- _Directions_:
Leave out the pictures and output the data verbatim.

- _Data excerpt_:
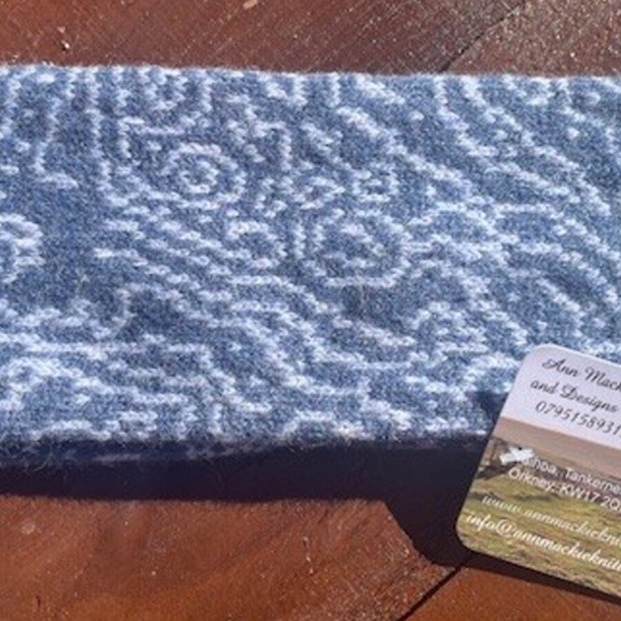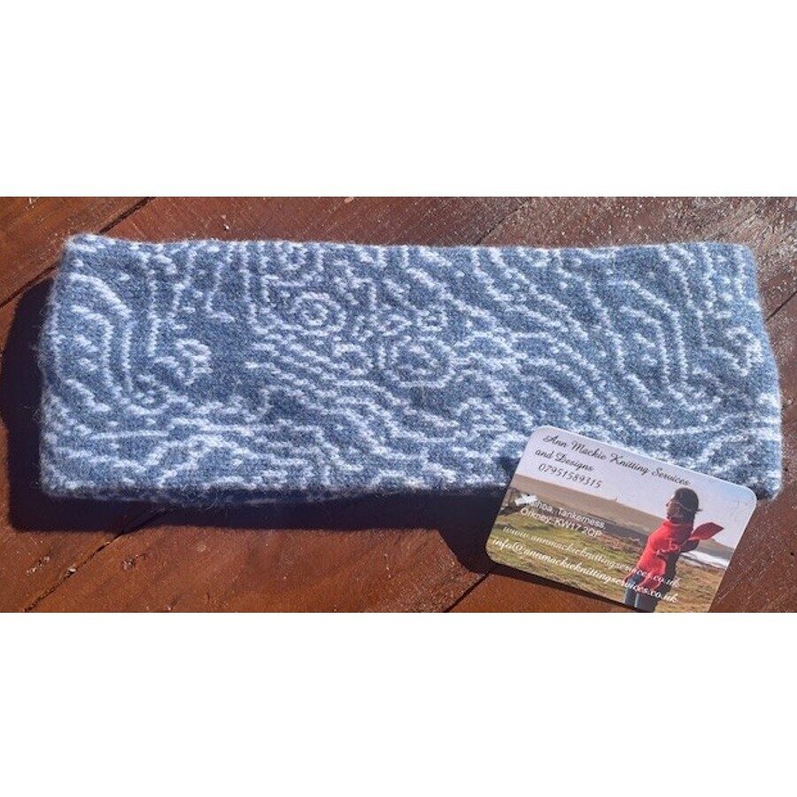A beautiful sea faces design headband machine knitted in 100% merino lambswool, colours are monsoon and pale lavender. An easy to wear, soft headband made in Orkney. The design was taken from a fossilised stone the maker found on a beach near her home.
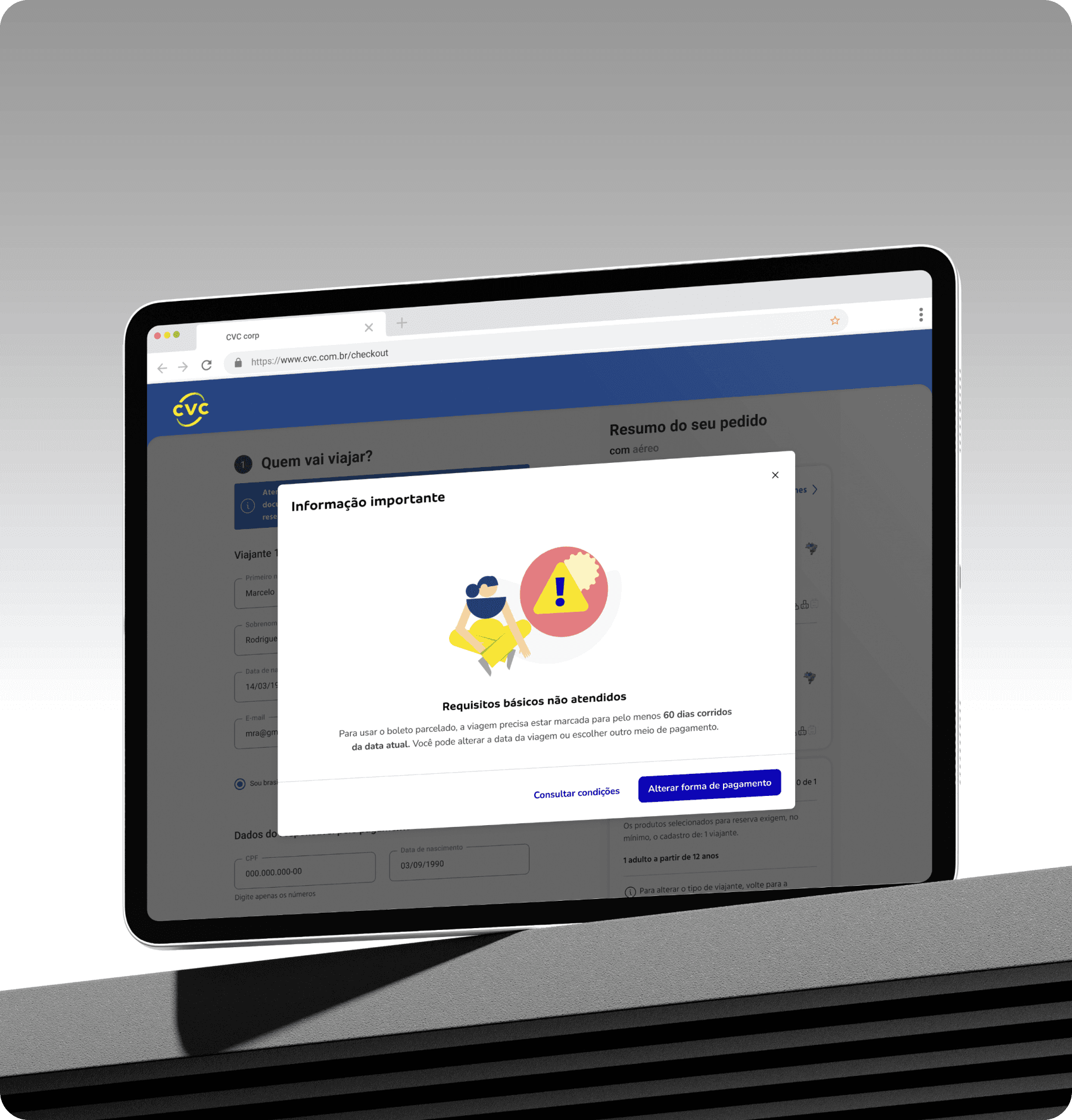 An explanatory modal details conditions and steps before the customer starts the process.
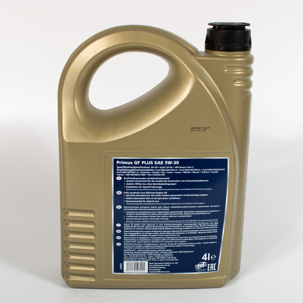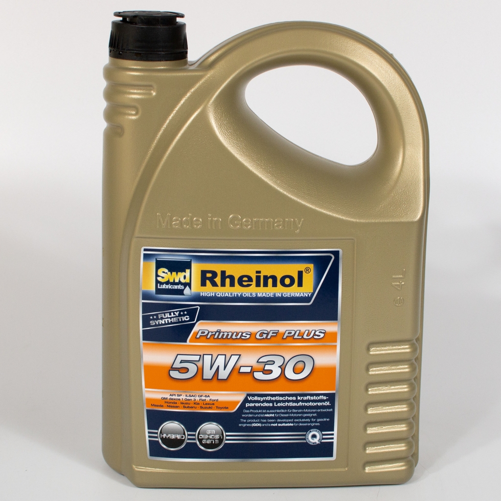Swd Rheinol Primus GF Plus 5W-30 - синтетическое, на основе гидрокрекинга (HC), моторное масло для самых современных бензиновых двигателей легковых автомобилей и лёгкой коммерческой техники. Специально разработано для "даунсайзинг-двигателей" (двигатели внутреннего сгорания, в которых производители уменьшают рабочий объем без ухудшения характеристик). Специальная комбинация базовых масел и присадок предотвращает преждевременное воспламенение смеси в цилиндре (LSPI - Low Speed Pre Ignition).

- _Reply_:
A beautiful sea faces design headband machine knitted in 100% merino lambswool, colours are monsoon and pale lavender. An easy to wear, soft headband made in Orkney. The design was taken from a fossilised stone the maker found on a beach near her home.
 An explanatory modal details conditions and steps before the customer starts the process.
Swd Rheinol Primus GF Plus 5W-30 - синтетическое, на основе гидрокрекинга (HC), моторное масло для самых современных бензиновых двигателей легковых автомобилей и лёгкой коммерческой техники. Специально разработано для "даунсайзинг-двигателей" (двигатели внутреннего сгорания, в которых производители уменьшают рабочий объем без ухудшения характеристик). Специальная комбинация базовых масел и присадок предотвращает преждевременное воспламенение смеси в цилиндре (LSPI - Low Speed Pre Ignition).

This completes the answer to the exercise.